I can prove it "by picture" by drawing a picture of a circle of radius $|z|$ centered at $(0, 1)$. Then $1 - |z|$ is the length from the origin to the intersection of the circle with the x-axis (to the left). $|1 - z|$ is length from the origin to any point on the circle.
However, I'm having trouble proving this algebraically / with words (aka not proof by picture). I tried using this picture again and the triangle equality, but that didn't work out.

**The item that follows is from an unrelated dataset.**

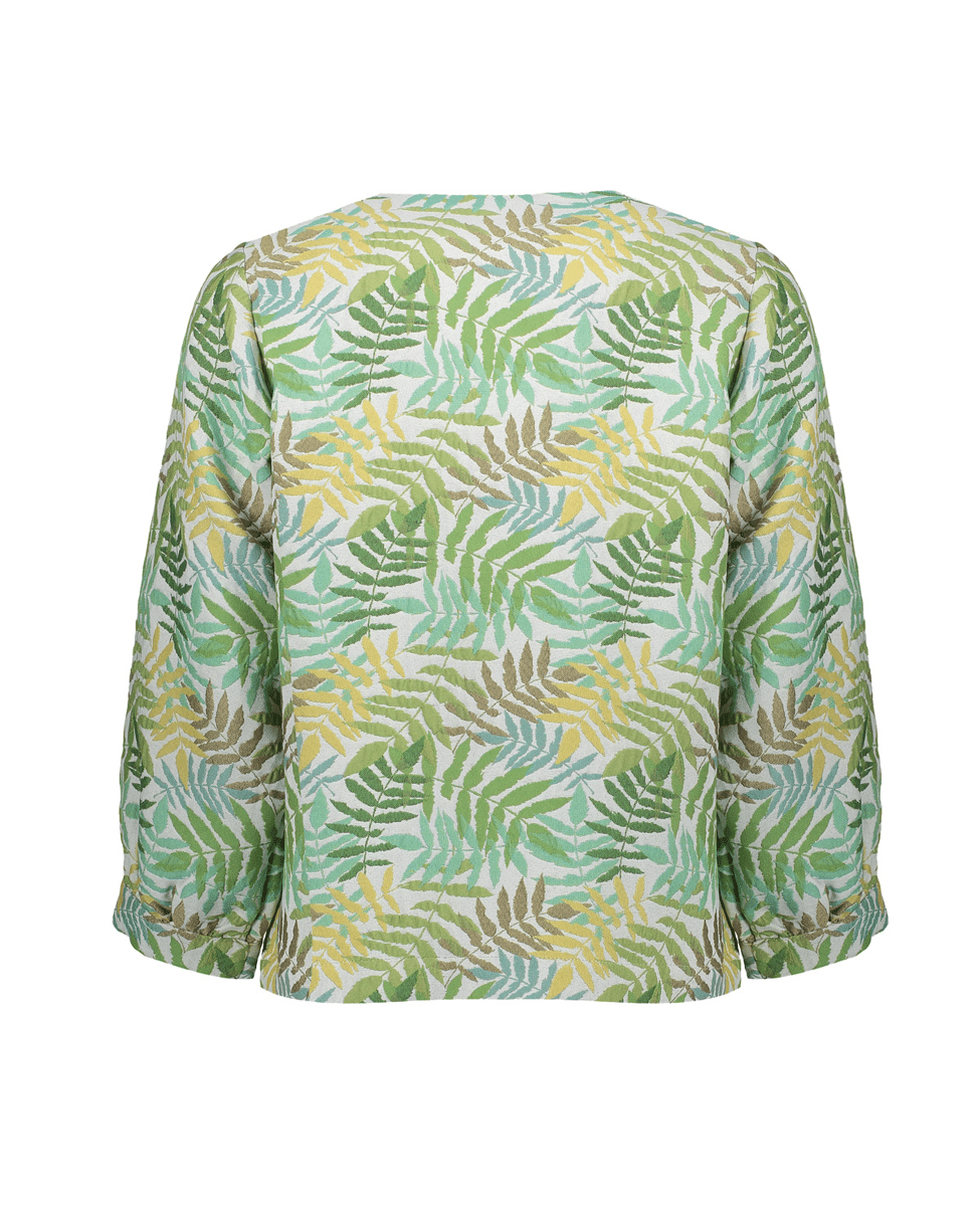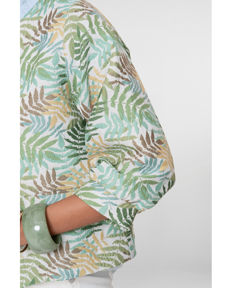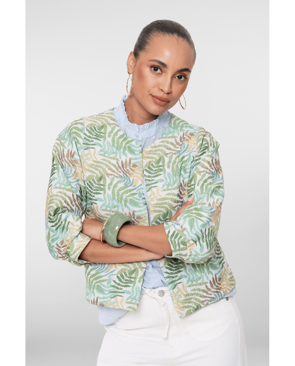 Een opvallend jasje met tropische flair. Het bladerendessin en de elegante haakjessluiting maken dit item perfect voor een frisse lentelook met een twist.

It is well-known that the triangle inequality
$\vert a + b \vert \le \vert a \vert + \vert b \vert \tag{1}$
implies that
$\vert \vert a \vert - \vert b \vert \vert \le \vert a - b \vert. \tag{2}$
If we apply (2) to the case at hand, taking $a = 1$ and $b = z$, with $\vert z \vert < 1$, we find
$\vert 1 - \vert z \vert \vert \le \vert 1 - z \vert; \tag{3}$
but $\vert z \vert < 1$ implies
$\vert 1 - \vert z \vert \vert = 1 - \vert z \vert > 0, \tag{4}$
and using (4) in (3) yields
$1 - \vert z \vert \le \vert 1 - z \vert, \tag{5}$
which is the desired result.
Note: A proof that (2) follows from (1) may be found here. End of Note.
Hope this helps. Cheers,
and as always,
Fiat Lux!!!
let $z = a + bi$ with $a^2 + b^2 < 1$, then $|1-z| = |1 - (a+bi)| = |1-a + (-b)i| = \sqrt{(1-a)^2 + b^2}$. So we need to prove: $\sqrt{(1-a)^2 + b^2} \geq 1 - \sqrt{a^2 + b^2}$. Squaring both sides of the above inequality we have: $(1-a)^2 + b^2 \geq 1 - 2\sqrt{a^2 + b^2} + a^2 + b^2 \iff -2a \geq -2\sqrt{a^2 + b^2} \iff \sqrt{a^2 + b^2} \geq a$ which is true since $\sqrt{a^2 + b^2} \geq |a| \geq a$.